Sources: Mises Wire; The Wall Street Journal
Give Me Land, Lots of Land
Having given the Disney company a thrashing, Gov. Ron DeSantis of Florida is now aiming at an even bigger target: the Chinese Communist Party. The Epoch Times reports:
Florida Gov. Ron DeSantis is mulling a move to ban Chinese entities from purchasing property in the state due to the economic and security risks posed by China’s communist regime.
“If you look at the Chinese Communist Party, they’ve been very active throughout the Western Hemisphere in gobbling up land and investing in different things,” DeSantis said during a press conference on Jan. 10.
“And, you know, when they have interests that are opposed to ours, and you’ve seen how they’ve wielded their authority… it is not in the best interests of Florida to have the Chinese Communist Party owning farmland, owning land close to military bases.”
China has indeed been buying up land all across the United States, and Florida has been the CCP’s top target, the paper reports:
Chinese investors purchased more than $6 billion in U.S. real estate between March 2021 and March 2022, according to the National Association of Realtors, making it the largest foreign buyer in terms of dollars spent.
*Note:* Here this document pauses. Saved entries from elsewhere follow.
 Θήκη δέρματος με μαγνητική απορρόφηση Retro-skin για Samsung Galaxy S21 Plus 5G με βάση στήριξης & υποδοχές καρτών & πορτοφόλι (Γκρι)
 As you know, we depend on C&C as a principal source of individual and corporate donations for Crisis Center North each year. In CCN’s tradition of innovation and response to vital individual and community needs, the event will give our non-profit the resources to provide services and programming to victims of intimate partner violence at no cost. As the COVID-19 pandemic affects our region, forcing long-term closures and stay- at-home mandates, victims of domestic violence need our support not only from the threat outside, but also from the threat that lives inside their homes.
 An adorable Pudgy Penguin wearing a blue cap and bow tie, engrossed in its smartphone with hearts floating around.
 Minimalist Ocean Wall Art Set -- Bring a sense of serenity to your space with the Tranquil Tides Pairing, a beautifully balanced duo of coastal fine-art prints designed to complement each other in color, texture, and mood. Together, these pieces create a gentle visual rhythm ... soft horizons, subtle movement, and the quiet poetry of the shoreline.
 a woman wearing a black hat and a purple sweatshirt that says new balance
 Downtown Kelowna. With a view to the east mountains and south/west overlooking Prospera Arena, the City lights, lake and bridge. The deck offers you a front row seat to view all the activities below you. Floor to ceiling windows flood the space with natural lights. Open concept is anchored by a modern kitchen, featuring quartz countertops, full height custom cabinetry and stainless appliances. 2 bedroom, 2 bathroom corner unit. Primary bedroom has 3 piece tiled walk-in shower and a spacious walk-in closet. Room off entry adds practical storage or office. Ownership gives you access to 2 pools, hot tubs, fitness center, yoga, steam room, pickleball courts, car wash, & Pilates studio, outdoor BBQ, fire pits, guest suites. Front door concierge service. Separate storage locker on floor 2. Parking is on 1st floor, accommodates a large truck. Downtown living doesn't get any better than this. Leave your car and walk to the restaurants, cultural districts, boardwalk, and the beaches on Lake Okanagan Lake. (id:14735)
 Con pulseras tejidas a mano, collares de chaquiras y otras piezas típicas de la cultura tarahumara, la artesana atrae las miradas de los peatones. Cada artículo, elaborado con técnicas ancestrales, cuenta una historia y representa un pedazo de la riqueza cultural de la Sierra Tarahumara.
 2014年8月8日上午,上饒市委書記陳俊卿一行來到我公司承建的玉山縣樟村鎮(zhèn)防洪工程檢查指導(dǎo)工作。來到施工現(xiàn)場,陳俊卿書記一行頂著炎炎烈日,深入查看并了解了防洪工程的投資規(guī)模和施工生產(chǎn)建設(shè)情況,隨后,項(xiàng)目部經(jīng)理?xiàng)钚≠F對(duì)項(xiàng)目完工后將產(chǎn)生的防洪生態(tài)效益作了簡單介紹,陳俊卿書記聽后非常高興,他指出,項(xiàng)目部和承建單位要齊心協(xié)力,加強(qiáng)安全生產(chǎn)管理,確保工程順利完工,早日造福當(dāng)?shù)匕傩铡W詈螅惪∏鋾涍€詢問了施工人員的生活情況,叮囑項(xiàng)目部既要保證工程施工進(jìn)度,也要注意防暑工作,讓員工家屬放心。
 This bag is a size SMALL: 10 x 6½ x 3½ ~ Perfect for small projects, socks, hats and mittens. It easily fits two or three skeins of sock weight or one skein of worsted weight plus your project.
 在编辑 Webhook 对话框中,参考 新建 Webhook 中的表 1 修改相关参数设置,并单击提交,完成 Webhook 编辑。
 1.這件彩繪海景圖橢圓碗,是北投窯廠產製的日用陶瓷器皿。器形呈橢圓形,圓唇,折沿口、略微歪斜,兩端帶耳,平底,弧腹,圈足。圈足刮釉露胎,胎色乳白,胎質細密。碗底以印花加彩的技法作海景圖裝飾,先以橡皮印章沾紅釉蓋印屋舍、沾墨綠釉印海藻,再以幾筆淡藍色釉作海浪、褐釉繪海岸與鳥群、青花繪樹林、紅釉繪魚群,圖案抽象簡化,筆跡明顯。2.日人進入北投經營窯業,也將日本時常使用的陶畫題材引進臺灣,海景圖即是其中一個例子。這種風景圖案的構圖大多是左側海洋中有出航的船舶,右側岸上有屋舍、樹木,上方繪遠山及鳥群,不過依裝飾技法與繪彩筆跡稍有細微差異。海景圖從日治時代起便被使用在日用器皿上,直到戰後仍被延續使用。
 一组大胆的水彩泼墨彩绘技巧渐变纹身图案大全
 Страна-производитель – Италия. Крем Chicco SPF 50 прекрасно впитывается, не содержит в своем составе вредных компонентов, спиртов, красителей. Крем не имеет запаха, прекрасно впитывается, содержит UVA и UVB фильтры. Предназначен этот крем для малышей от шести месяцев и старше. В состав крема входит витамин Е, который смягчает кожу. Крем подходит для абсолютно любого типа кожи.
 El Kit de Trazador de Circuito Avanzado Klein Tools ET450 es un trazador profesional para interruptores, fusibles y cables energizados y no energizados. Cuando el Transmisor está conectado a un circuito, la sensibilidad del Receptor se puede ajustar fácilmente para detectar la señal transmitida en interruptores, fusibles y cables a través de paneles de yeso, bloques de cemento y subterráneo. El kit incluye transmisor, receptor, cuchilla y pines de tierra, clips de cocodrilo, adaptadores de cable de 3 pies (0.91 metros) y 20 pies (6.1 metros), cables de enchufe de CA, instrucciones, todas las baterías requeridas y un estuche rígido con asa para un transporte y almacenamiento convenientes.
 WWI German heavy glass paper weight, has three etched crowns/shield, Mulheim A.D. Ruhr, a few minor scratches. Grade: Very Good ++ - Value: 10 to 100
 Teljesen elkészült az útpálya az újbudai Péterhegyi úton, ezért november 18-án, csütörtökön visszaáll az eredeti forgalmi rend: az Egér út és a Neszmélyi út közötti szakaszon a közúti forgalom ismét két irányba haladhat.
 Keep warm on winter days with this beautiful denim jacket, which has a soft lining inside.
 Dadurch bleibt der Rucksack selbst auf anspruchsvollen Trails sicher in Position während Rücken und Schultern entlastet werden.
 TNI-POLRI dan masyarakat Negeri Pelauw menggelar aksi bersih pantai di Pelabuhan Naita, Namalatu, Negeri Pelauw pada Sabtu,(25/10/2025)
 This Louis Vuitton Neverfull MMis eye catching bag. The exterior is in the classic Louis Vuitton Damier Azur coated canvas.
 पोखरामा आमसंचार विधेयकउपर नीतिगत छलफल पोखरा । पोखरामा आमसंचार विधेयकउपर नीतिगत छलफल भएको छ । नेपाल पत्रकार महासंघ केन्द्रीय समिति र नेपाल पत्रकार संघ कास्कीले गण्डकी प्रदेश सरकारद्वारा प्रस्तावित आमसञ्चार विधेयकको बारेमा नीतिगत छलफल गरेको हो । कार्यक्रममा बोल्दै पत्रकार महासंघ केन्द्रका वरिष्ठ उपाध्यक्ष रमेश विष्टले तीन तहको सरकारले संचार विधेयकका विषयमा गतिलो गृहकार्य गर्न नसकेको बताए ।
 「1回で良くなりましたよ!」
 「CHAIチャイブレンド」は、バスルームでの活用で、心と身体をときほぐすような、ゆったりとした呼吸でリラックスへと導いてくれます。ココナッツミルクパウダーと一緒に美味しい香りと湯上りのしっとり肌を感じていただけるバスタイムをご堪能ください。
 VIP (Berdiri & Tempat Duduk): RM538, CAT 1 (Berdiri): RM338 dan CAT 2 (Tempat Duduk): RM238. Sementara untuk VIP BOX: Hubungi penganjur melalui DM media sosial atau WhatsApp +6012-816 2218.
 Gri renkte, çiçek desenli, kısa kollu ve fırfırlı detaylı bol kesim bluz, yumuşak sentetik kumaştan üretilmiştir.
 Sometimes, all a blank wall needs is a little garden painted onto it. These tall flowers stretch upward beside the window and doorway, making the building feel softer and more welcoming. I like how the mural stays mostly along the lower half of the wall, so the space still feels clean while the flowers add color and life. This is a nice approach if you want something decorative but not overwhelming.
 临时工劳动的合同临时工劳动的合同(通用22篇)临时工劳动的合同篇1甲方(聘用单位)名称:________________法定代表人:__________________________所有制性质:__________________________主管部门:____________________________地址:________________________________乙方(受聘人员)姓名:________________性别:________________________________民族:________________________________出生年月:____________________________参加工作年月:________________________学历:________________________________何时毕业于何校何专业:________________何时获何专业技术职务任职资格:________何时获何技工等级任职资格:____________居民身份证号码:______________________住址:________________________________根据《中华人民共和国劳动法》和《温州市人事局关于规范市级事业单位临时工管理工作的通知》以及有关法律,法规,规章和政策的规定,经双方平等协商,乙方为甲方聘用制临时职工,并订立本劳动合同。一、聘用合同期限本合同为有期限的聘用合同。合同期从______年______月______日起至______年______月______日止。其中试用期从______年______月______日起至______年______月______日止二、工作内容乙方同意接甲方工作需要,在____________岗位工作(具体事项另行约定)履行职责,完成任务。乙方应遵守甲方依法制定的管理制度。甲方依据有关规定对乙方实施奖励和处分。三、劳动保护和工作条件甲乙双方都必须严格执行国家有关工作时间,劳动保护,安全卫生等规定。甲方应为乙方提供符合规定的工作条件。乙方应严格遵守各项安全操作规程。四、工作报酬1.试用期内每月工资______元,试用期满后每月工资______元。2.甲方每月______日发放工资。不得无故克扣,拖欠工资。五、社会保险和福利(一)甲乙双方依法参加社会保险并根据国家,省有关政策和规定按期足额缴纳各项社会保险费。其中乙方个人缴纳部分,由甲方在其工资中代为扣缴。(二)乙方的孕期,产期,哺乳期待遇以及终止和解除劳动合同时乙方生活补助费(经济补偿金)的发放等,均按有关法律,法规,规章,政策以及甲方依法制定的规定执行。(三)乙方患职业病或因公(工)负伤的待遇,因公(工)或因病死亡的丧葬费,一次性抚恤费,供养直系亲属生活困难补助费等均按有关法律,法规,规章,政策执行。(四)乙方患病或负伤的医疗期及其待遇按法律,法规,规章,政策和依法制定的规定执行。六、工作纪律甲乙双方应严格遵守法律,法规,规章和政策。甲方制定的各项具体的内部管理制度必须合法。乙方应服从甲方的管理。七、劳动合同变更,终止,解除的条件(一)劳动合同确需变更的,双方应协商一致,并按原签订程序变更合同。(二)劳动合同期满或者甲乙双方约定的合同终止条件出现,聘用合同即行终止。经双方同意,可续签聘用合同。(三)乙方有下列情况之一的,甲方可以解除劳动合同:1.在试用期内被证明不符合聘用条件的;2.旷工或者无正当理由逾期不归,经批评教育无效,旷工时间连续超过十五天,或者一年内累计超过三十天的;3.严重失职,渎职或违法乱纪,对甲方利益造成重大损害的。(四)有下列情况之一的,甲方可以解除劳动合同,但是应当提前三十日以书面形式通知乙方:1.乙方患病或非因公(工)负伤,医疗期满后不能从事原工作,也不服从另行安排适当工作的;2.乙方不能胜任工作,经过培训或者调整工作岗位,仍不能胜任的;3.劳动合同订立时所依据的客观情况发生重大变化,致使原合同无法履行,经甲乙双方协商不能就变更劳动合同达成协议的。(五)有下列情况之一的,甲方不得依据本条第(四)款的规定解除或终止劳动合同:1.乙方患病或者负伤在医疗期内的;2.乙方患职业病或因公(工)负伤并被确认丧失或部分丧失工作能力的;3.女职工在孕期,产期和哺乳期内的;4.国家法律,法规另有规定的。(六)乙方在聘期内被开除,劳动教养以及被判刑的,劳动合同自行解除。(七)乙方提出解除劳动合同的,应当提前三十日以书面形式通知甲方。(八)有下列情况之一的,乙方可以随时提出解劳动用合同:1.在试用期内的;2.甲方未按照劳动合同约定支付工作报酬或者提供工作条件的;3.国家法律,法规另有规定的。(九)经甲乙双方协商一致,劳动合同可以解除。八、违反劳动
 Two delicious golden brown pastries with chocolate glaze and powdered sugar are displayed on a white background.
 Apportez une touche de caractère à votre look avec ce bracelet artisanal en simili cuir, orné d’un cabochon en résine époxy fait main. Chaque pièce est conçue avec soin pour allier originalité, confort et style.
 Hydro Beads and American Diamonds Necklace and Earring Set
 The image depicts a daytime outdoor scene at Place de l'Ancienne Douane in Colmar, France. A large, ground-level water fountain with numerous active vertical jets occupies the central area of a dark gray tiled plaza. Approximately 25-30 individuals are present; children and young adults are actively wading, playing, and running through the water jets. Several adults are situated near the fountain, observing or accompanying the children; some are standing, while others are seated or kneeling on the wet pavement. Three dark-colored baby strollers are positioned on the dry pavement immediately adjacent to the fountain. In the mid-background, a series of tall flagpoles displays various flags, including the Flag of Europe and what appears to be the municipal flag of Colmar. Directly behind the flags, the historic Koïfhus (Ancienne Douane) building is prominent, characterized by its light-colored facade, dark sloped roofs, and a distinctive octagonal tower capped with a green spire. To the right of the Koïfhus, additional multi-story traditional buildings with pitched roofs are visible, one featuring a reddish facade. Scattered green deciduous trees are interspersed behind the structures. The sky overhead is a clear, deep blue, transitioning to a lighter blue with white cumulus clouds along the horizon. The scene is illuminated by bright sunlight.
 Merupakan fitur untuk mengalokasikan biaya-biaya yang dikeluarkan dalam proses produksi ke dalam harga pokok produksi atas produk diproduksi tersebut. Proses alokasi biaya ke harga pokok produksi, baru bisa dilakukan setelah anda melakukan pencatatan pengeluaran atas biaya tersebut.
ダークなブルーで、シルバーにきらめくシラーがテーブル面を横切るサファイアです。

Florida has been at the center of that purchasing binge, with 24 percent of all foreign property purchases in the nation occurring there. The state with the next highest amount of foreign purchases was California, which accounted for 11 percent.
The purchases have come to the attention of Congress, and the House, now under Republican control, is preparing to investigate the matter.
One can make the case that these concerns are unfounded and the land buys are just the good old free market at work. That argument has little force, however, when the “purchasing binge,” to use The Epoch Times’ apt term, is being orchestrated by a Communist government. Investigation and an at least temporary ban on such purchases make sense in response to an avowed enemy’s attempt to use our free markets to undermine our national sovereignty and control of our own soil.